Retype, without pictures, the line holding "สัมผัสนิยามใหม่ของการอยู่อาศัยกับ ลักซ์ริวา เรสซิเดนเซส" and each line below it through the final line.

**Records shown:**
---+---

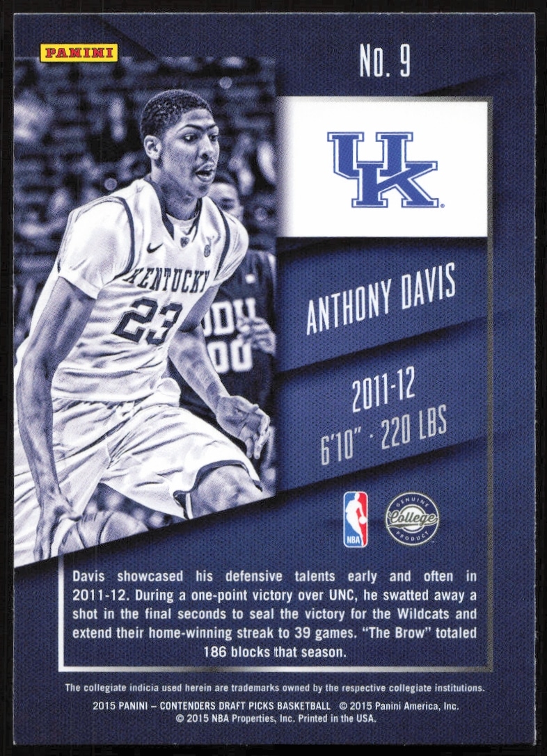 This Basketball card, from 2015-16 is part of the Panini Contenders Draft Picks card set. Anthony Davis is featured and has a card number of 9.
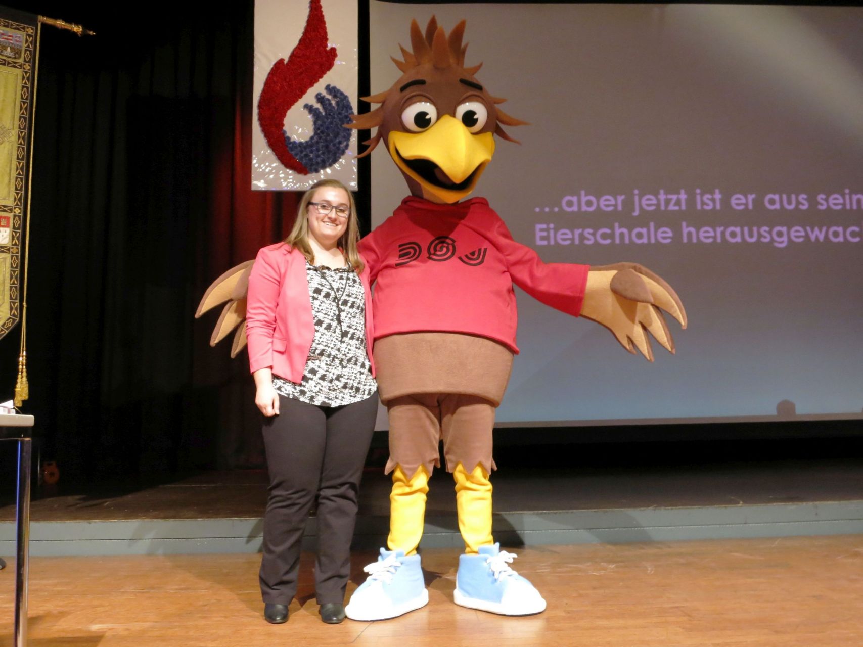 Als vielbeklatschter Beitrag der Deutschen Schützenjugend kam der neue „Shooty“ auf die Bühne. Das Wappentier des Schützennachwuchses, so Bundesjugendsprecherin Carina Sauerwald, sei nun endgültig aus der Eierschale herausgewachsen.
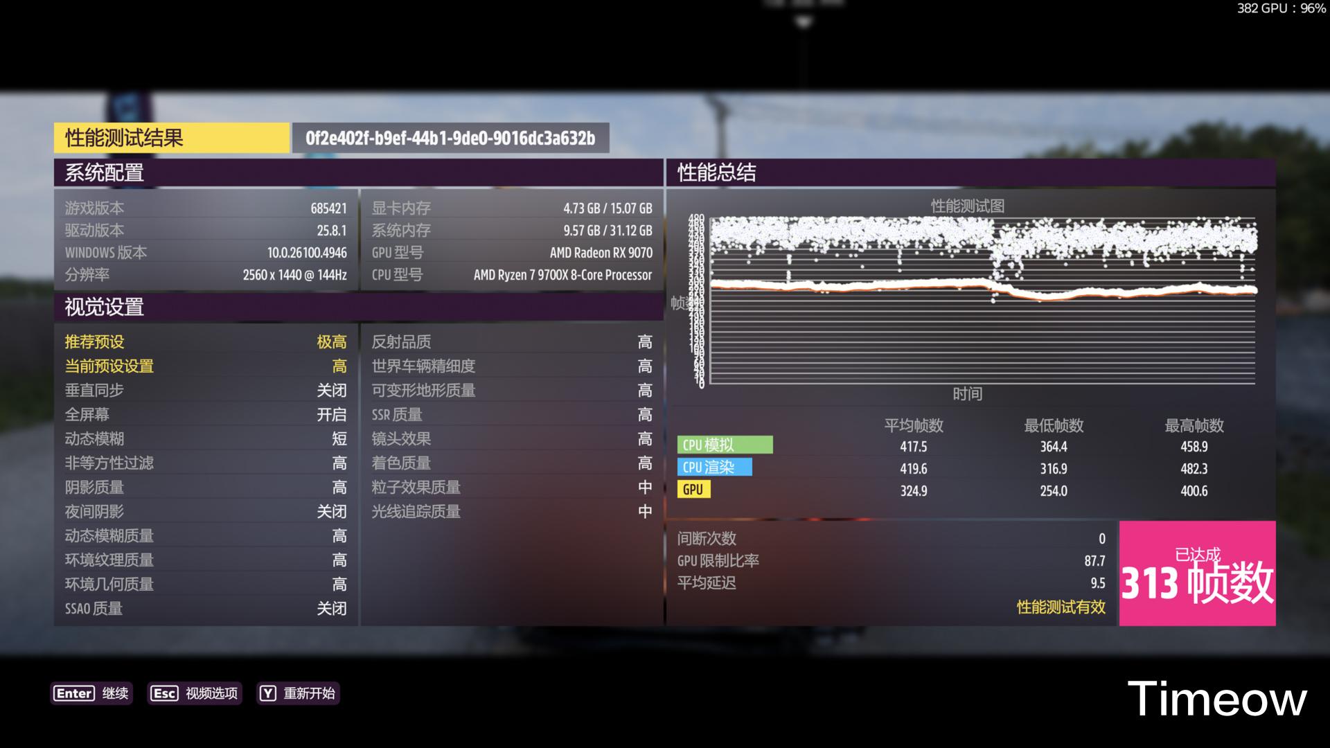 平均帧354.2,最低帧303.3,最终达成304帧数,飙车时画面丝滑无比,毫无卡顿感。
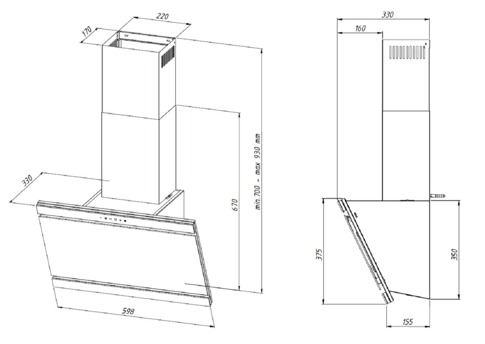 AKPO WK-9 Kastos premium 60 см. черный вытяжка наклонная
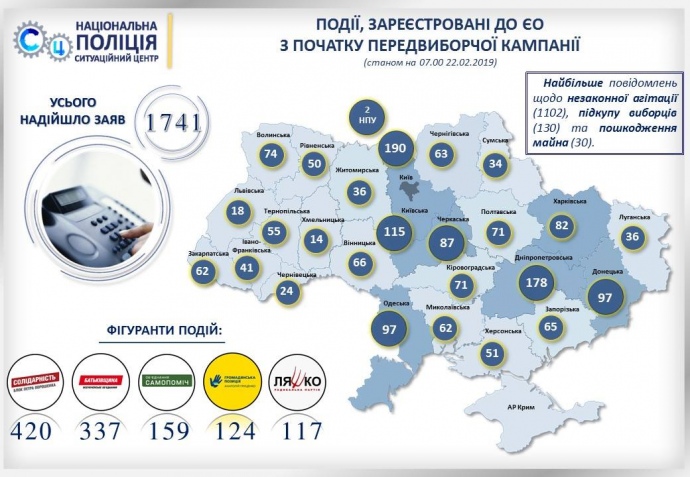 С начала президентской избирательной кампании в Национальную полицию поступило 1741 сообщение о нарушениях, сообщили в пресс-службе ведомства 22 февраля.
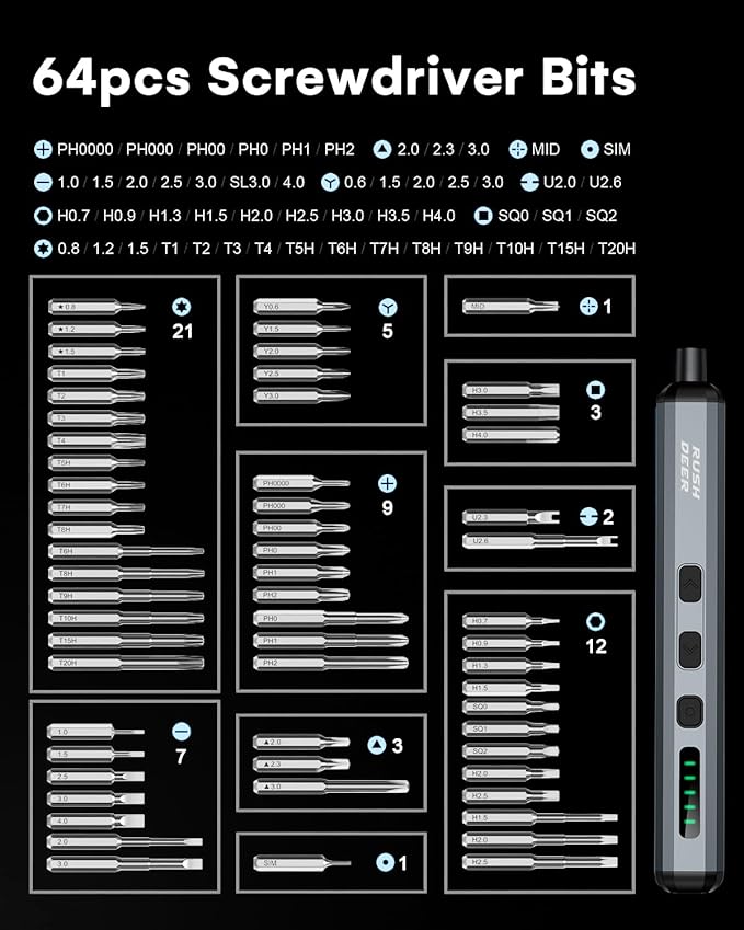 - Comprehensive Set: This electric screwdriver comes with a comprehensive collection of 64 magnetic bits made of S2 Steel, covering 10 categories, allowing you to tackle various screwdriving scenarios. No matter the task, you'll have the right bit at your fingertips for versatile usage.
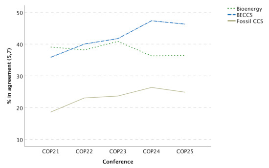 To further illustrate these conclusions, we include a line chart (Figure 3) of the percentage of all respondents that have marked “agree slightly” to “strongly agree” that investments should target BECCS or fossil CCS, (i.e., all respondents that have answered 5, 6 or 7). This is perhaps a more visual representation of how views have become more positive over time, although at a very low level overall for fossil CCS. We include the data for bioenergy to shed light on whether any change in views on BECCS are more likely related to CCS or to other issues around bioenergy as a whole. As previously stated, objections to bioenergy are usually related to biomass availability and potential conflicts with biodiversity and food security [23]. However, it is also possible that objections to BECCS could originate from a lack of faith in CCS technology. For example, Anderson and Peters [36] state “The idea behind BECCS is to combine bio-energy production with CCS, but both face major and perhaps insurmountable obstacles”. The data indicate that the increased acceptance of BECCS is most likely the result of an increase in acceptance in CCS overall rather than an increase in the acceptance of the use of bioenergy for fuel. This is because we see bioenergy acceptance decrease as BECCS acceptance increases. Alternatively, it is possible that these trends reflect the opinion that NETs are of such great importance, that bioenergy would only be acceptable as a fuel when coupled with CCS to deliver the greatly needed NETs. In this scenario we could surmise that attitudes on CCS may be increasing with an increasing awareness of the need for long-term NETs.
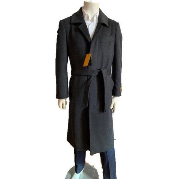 Mens Cashmere Blended Top Coat. Single 4 Button 48 Inch Full Length Coat. Coat is Solid in Color with Hidden Button Design and Belt. 70% Wool, 20% Viscose, 5% Cashmere. Color : Very Dark Grey Almost Black
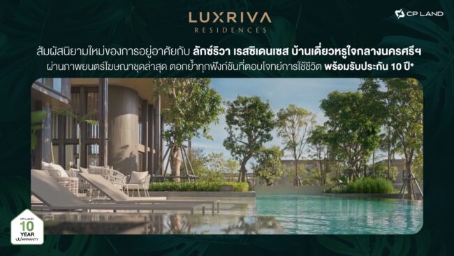 สัมผัสนิยามใหม่ของการอยู่อาศัยกับ ลักซ์ริวา เรสซิเดนเซส บ้านเดี่ยวหรูใจกลางนครศรีฯ ผ่านภาพยนตร์โฆษณาชุดล่าสุด ตอกย้ำทุกฟังก์ชันที่ตอบโจทย์การใช้ชีวิต พร้อมรับประกัน 10 ปี*
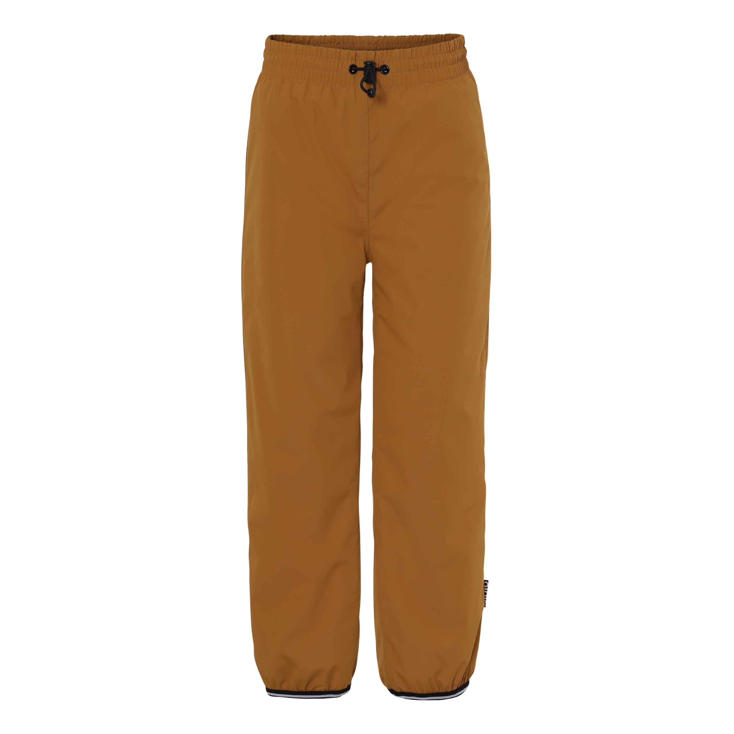 Lækre, forede all-around overtræksbukser i vandtæt materiale. Bukserne er i en gylden sennepsfarve og har elastisk, justerbar talje samt refleks bagpå det ene bukseben. Bukserne er lavet i et vindtæt, vandtæt og åndbart materiale og har tapede sømme. Dette produkt har en vandafvisende PFC-fri imprægnering (indeholder f.eks. ikke PFOS, PFOA og lignende). Vandsøjletryk: 5.000 mm. Åndbarhed: 5.000 g/m2/24t.

---+---

**Answer to this problem:**
 สัมผัสนิยามใหม่ของการอยู่อาศัยกับ ลักซ์ริวา เรสซิเดนเซส บ้านเดี่ยวหรูใจกลางนครศรีฯ ผ่านภาพยนตร์โฆษณาชุดล่าสุด ตอกย้ำทุกฟังก์ชันที่ตอบโจทย์การใช้ชีวิต พร้อมรับประกัน 10 ปี*
 Lækre, forede all-around overtræksbukser i vandtæt materiale. Bukserne er i en gylden sennepsfarve og har elastisk, justerbar talje samt refleks bagpå det ene bukseben. Bukserne er lavet i et vindtæt, vandtæt og åndbart materiale og har tapede sømme. Dette produkt har en vandafvisende PFC-fri imprægnering (indeholder f.eks. ikke PFOS, PFOA og lignende). Vandsøjletryk: 5.000 mm. Åndbarhed: 5.000 g/m2/24t.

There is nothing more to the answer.